EXERCISE DATA START

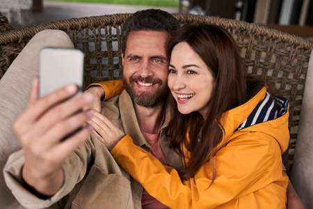 Positive friendly men and women rejoice at their meeting in a cafe, spending free time taking photos with a good mood. Happy couple taking a selfie
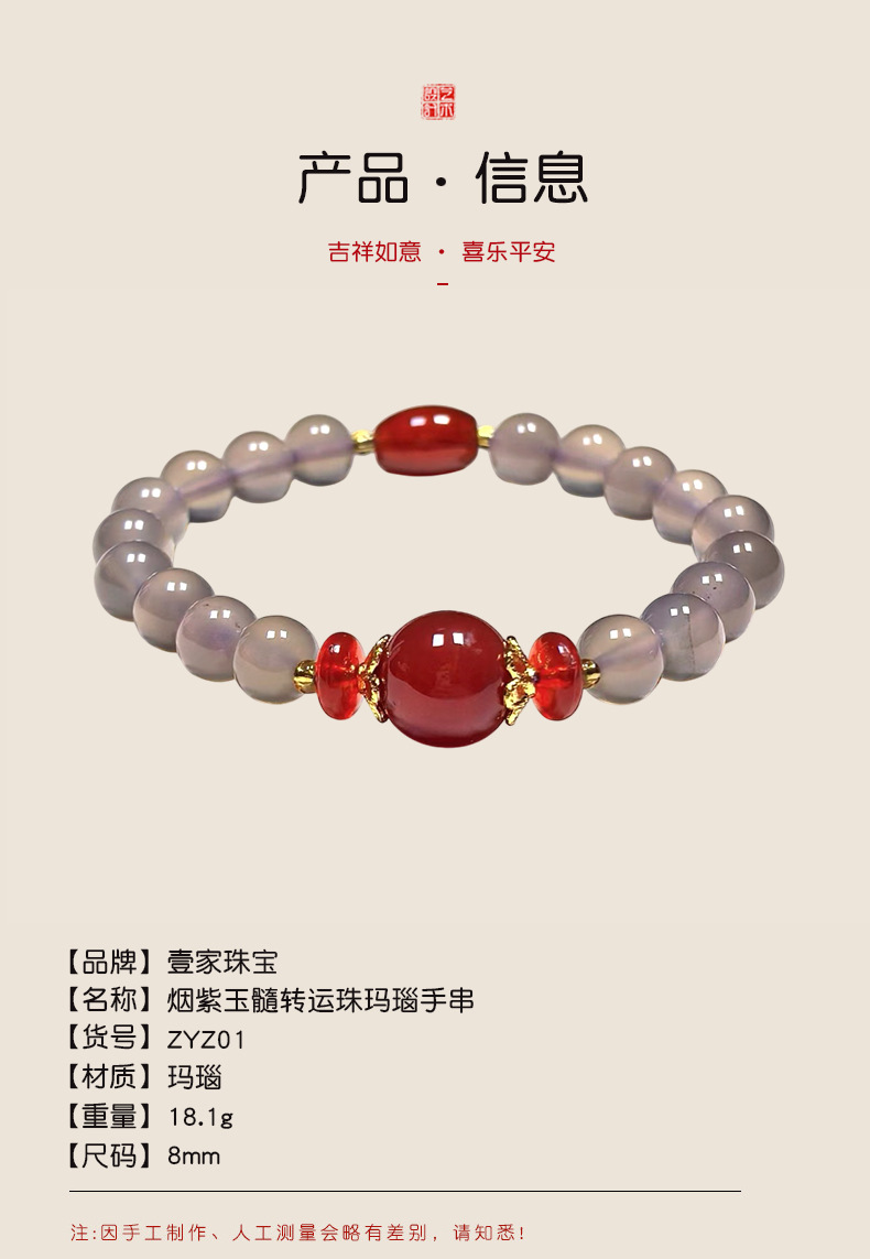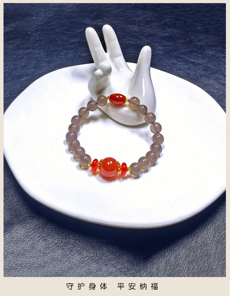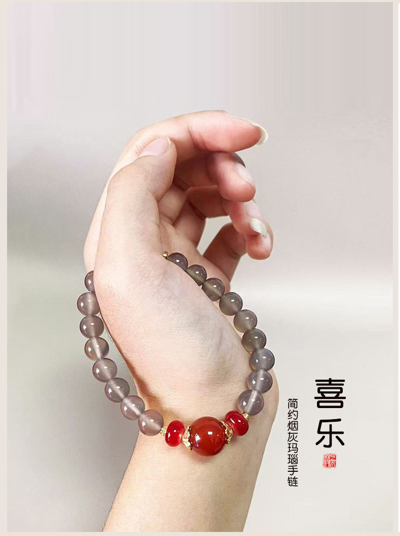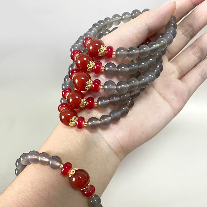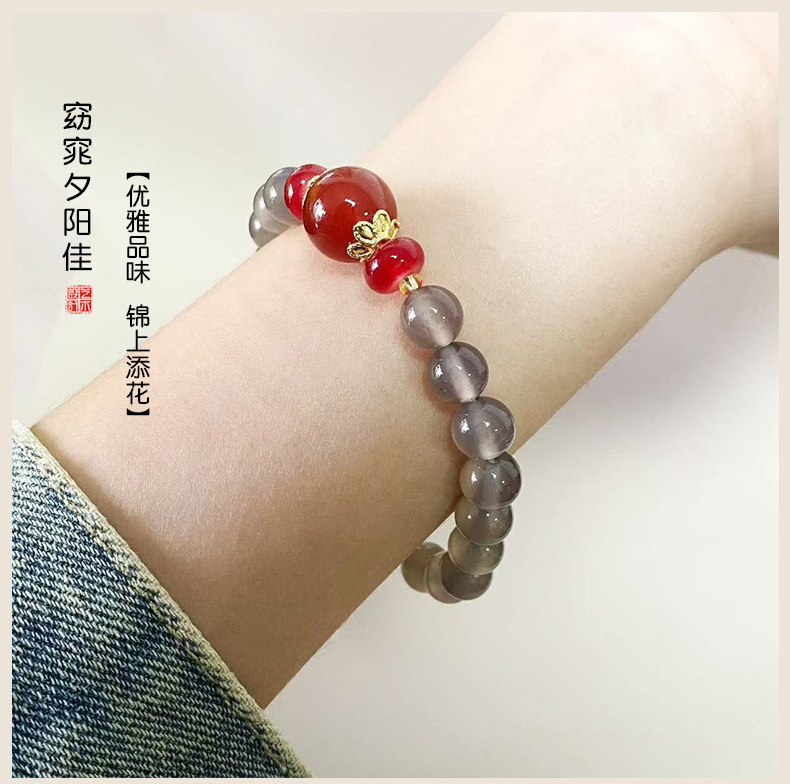 Натуральный агат ручной дым фиолетовый халцедон красный агат ручной стиль ретро китайский ветер бус браслет оптовая продажа
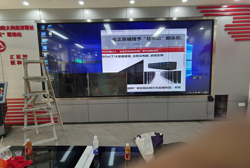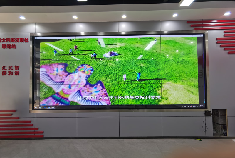 本案例中,是維康國(guó)際為廣州大崗村委提供的一套觸摸顯示屏,由3行4列、55寸液晶拼接屏,搭配紅外觸摸逛組成,如上圖所示。

EXERCISE DATA END

Please return exactly the lines from the one containing "Натуральный агат ручной" through the end of the material above, both ends included, but not the pictures.

 Натуральный агат ручной дым фиолетовый халцедон красный агат ручной стиль ретро китайский ветер бус браслет оптовая продажа
 本案例中,是維康國(guó)際為廣州大崗村委提供的一套觸摸顯示屏,由3行4列、55寸液晶拼接屏,搭配紅外觸摸逛組成,如上圖所示。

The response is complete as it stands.